● Directions:
One range is to be output from the listing below, exactly as written: the line with "最后附上不同身高肾友需要的能量(表1/2),和常见食物所含的能量(表3)。" to the line with "Материалы для нарядов: хлопок, кружева, мулине", both kept.

● Data extract:
■ ■ ■ ■ ■ ■ ■

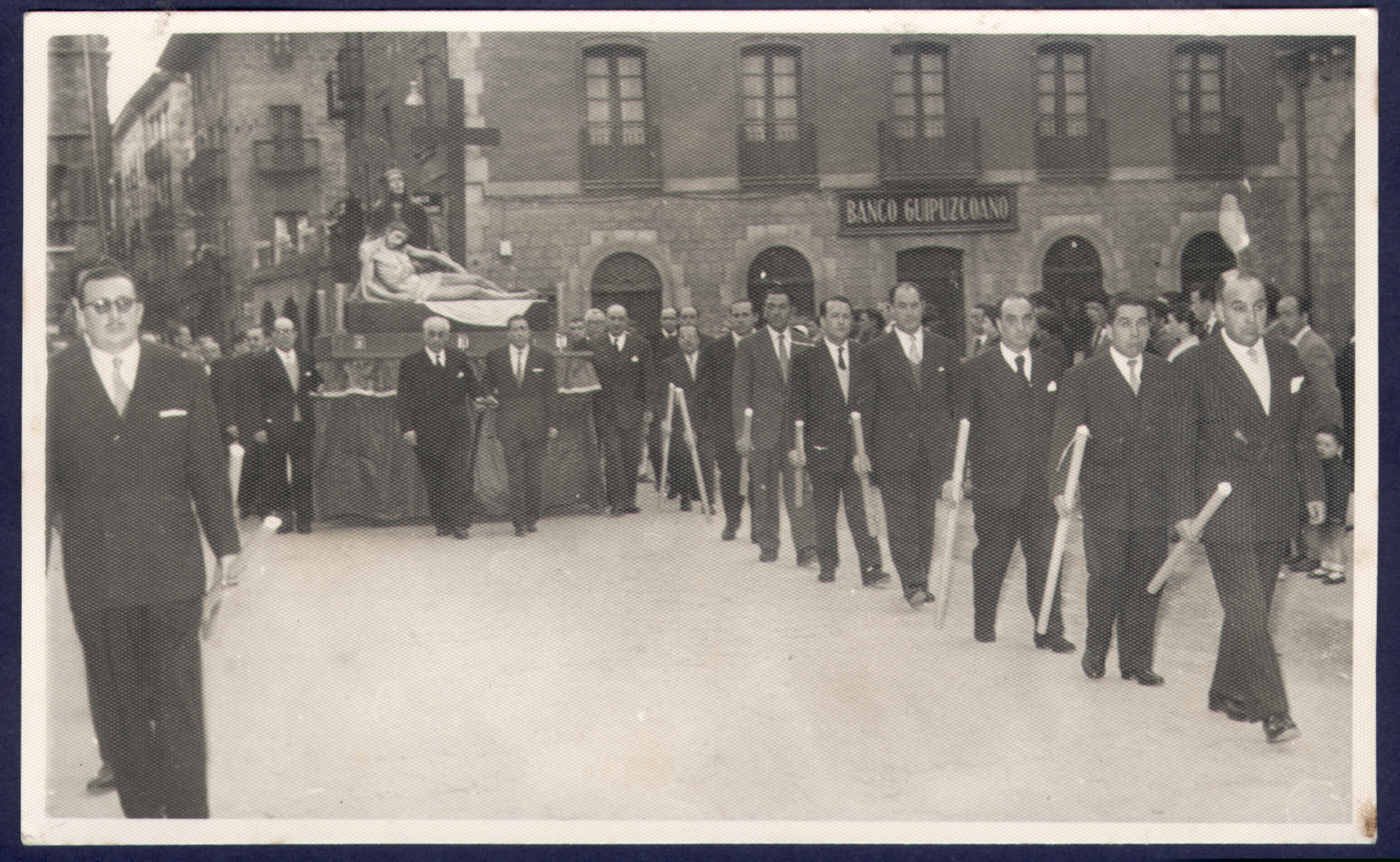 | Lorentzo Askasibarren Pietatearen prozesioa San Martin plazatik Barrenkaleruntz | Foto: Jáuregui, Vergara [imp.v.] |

■ ■ ■ ■ ■ ■ ■

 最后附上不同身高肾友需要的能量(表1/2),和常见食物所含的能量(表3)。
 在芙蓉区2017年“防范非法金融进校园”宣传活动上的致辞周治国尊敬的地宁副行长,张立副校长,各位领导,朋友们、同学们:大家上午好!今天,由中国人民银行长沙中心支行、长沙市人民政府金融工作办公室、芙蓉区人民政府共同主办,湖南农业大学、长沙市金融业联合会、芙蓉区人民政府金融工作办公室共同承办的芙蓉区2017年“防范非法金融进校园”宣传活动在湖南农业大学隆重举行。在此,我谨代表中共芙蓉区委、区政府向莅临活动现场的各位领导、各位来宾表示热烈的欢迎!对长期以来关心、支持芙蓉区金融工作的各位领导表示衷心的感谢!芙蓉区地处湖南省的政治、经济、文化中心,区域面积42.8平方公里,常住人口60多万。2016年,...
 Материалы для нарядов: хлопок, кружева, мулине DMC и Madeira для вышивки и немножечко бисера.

■ ■ ■ ■ ■ ■ ■

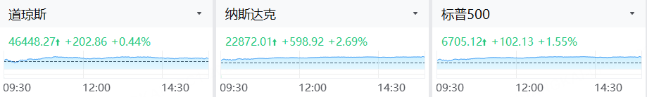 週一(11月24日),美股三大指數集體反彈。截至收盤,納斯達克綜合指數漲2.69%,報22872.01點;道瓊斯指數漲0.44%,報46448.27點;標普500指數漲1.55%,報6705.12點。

■ ■ ■ ■ ■ ■ ■

● Task answer:
 最后附上不同身高肾友需要的能量(表1/2),和常见食物所含的能量(表3)。
 在芙蓉区2017年“防范非法金融进校园”宣传活动上的致辞周治国尊敬的地宁副行长,张立副校长,各位领导,朋友们、同学们:大家上午好!今天,由中国人民银行长沙中心支行、长沙市人民政府金融工作办公室、芙蓉区人民政府共同主办,湖南农业大学、长沙市金融业联合会、芙蓉区人民政府金融工作办公室共同承办的芙蓉区2017年“防范非法金融进校园”宣传活动在湖南农业大学隆重举行。在此,我谨代表中共芙蓉区委、区政府向莅临活动现场的各位领导、各位来宾表示热烈的欢迎!对长期以来关心、支持芙蓉区金融工作的各位领导表示衷心的感谢!芙蓉区地处湖南省的政治、经济、文化中心,区域面积42.8平方公里,常住人口60多万。2016年,...
 Материалы для нарядов: хлопок, кружева, мулине DMC и Madeira для вышивки и немножечко бисера.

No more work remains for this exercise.